Students across the UK are turning towards Snapchat over other social networks to communicate with their peers. In the past Facebook and Twitter have proven essential platforms for marketing to Students and now, as a majority of users begin to access from mobile devices, apps such as Snapchat could prove just as lucrative.

Whenever a new mobile app-based social network gains traction, it’s usually down to Millennials. Students take to social networking as a crucial method of communication and information sharing. As a generation of influencers, whenever they discover modern apps that serve their purposes in an original way, popularity follows as a result.

While not so much “new” per se, Snapchat does have something of an edge over larger networks that have become increasingly mainstream. Facebook and Twitter has grown in usage among older generations and, let’s face it, these were the people that as teenagers Millennials originally turned to social media to avoid.

The reason that Snapchat has become such a successful network is that it, in a sense, emulates everyday student behaviour. Conversations between friends on campus are often passing and momentary, yet energised.

Universities Cotton on to New Marketing Avenues

Many Universities have begun to appreciate the importance of these new networks in reaching out to Students. According to Times Higher Education, despite some initial concerns about utilising what was initially considered the ‘Sexting App’, the University of Loughborough has begun to use Snapchat to compliment recruitment. According to their Director of Marketing and Advancement Emma Leech, the platform proved useful in addressing queries in a timely manner during the admissions window. Similarly, Senior Digital Communications Officer at the University of Central Lancashire Alistair Beech believes that both Snapchat and other networks such as WhatsApp and Yik Yak “can be essential for students adjusting to a new community and environment.”

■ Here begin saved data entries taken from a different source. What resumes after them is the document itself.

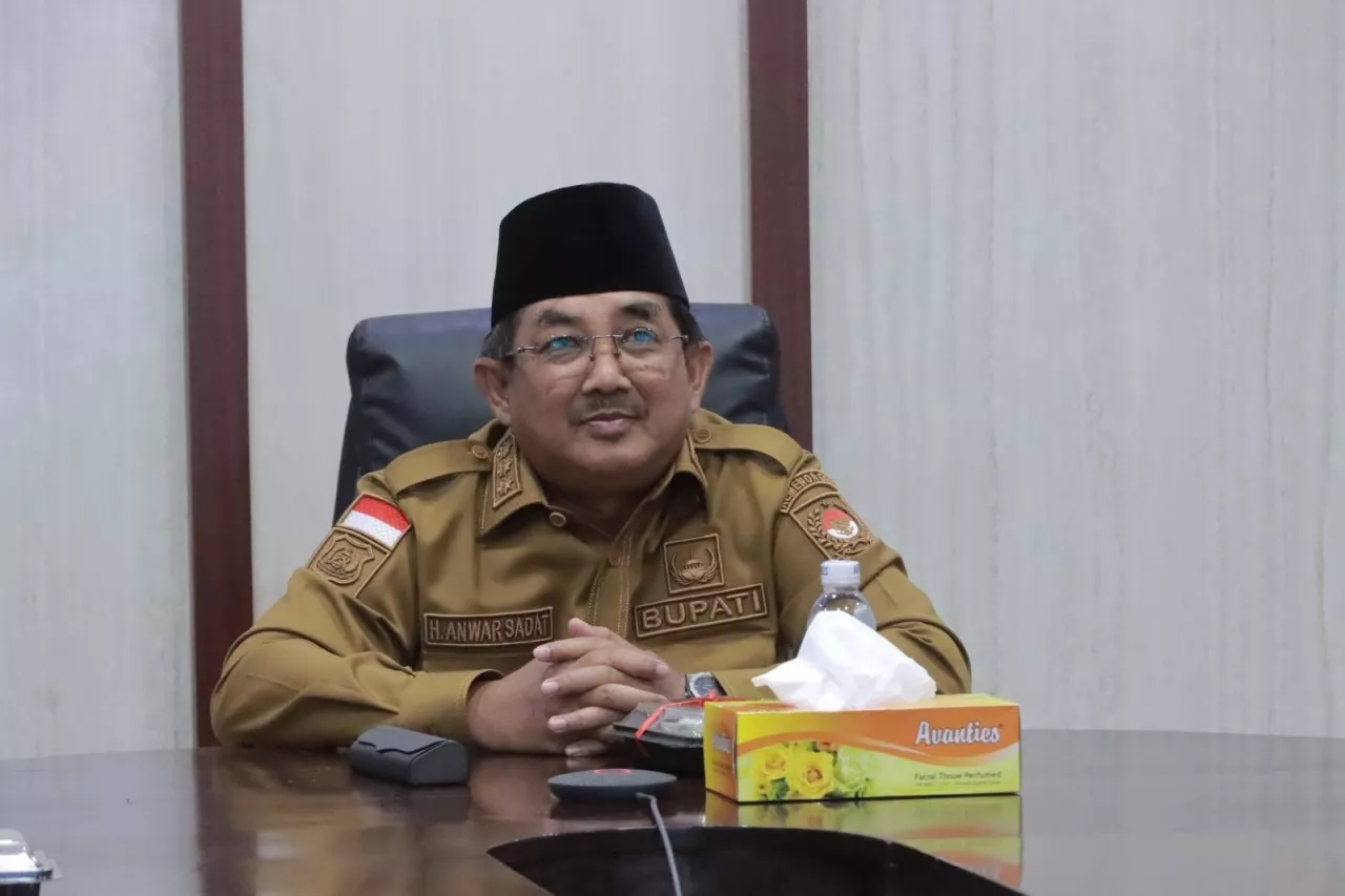 Kuala Tungkal – Bupati Tanjung Jabung Barat, Drs. H. Anwar Sadat, M.Ag, mengikuti secara virtual acara Peluncuran dan Peresmian Logo serta Tema Hari Ulang Tahun (HUT) ke-80 Republik Indonesia melalui Zoom Meeting dari Ruang Rapat Bupati, Rabu (23/7).
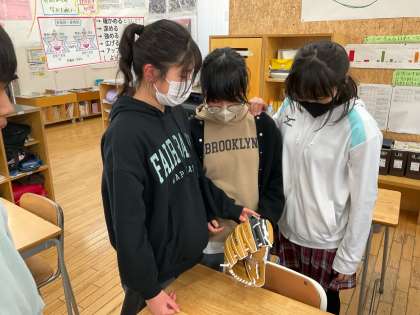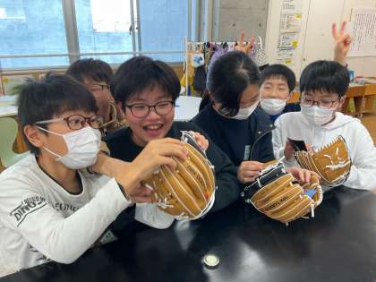 大谷選手のグローブが届き、子供たちはうれしそうに触れていました。「キャッチボールしてみたい」と目を輝かせていました。なぜ大谷選手は、小学生にグローブをプレゼントしよう思ったのか、大谷選手の思いについて、みんなで考えました。
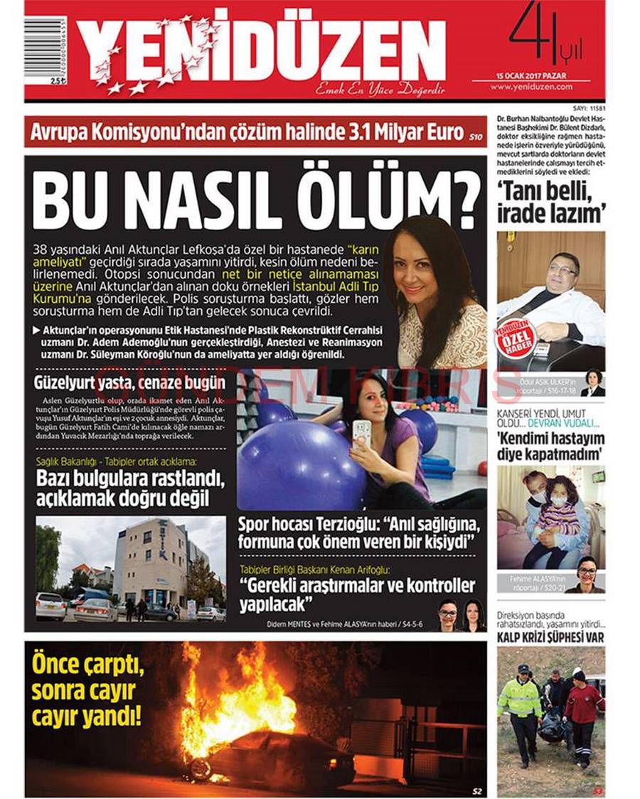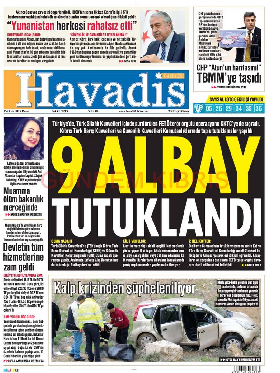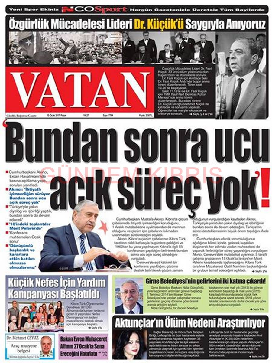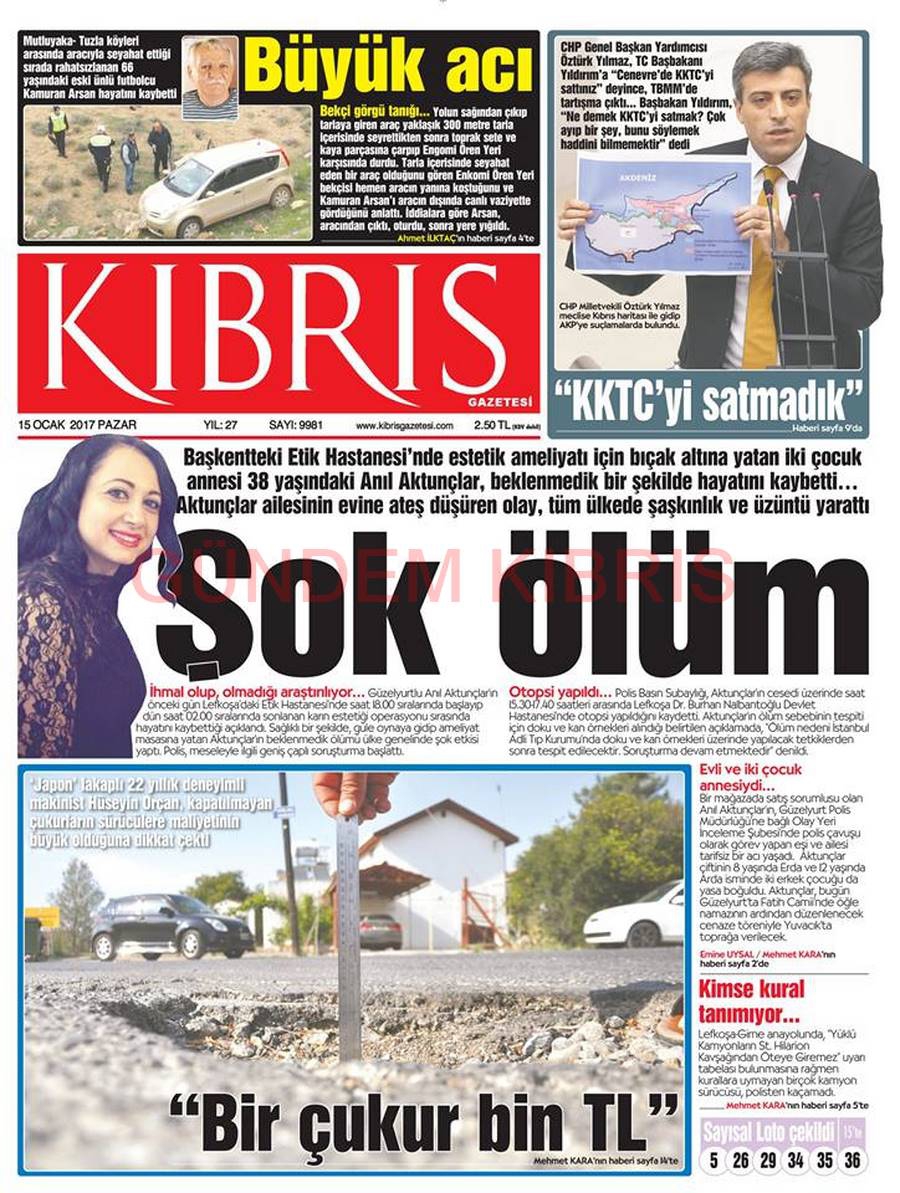 KKTC Gazete Manşetleri 15 Ocak 2017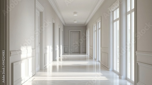 Elegant Minimalist Corridor with Abundant Natural Light and Empty Doors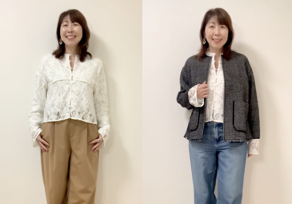 でもレース素材は、骨格タイプによって選び方に注意が必要なのと、色の組み合わせ方によってはセレモニー感が出て垢抜けない場合もあります。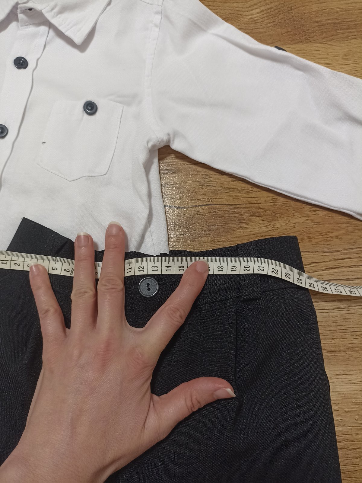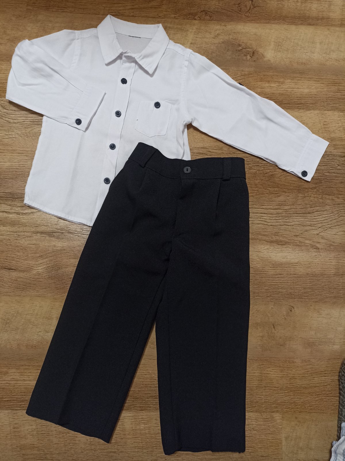 Krásny slávnostný set pre chlapčeka. Košeľa ja bavlnená a rukávy sa dajú vypnúť hore na trojštvrťový rukáv. Komplet nemá poškodenie a je v super stave.

Marketing to Younger People and Students

Understandably, these tools could occupy an increasingly lucrative position within the digital marketplace where students and younger people are concerned. Millennials subconsciously consider the authenticity of a brand through Social Networking. They are simultaneously less likely to be swayed by social advertising and more likely to become an advocate of a brand that they consider authentic than other generations. This means that an element of meeting them where they are is integral in marketing efforts; a business’s presence on these networks could prove to be the boost to brand awareness among their target audience that they need.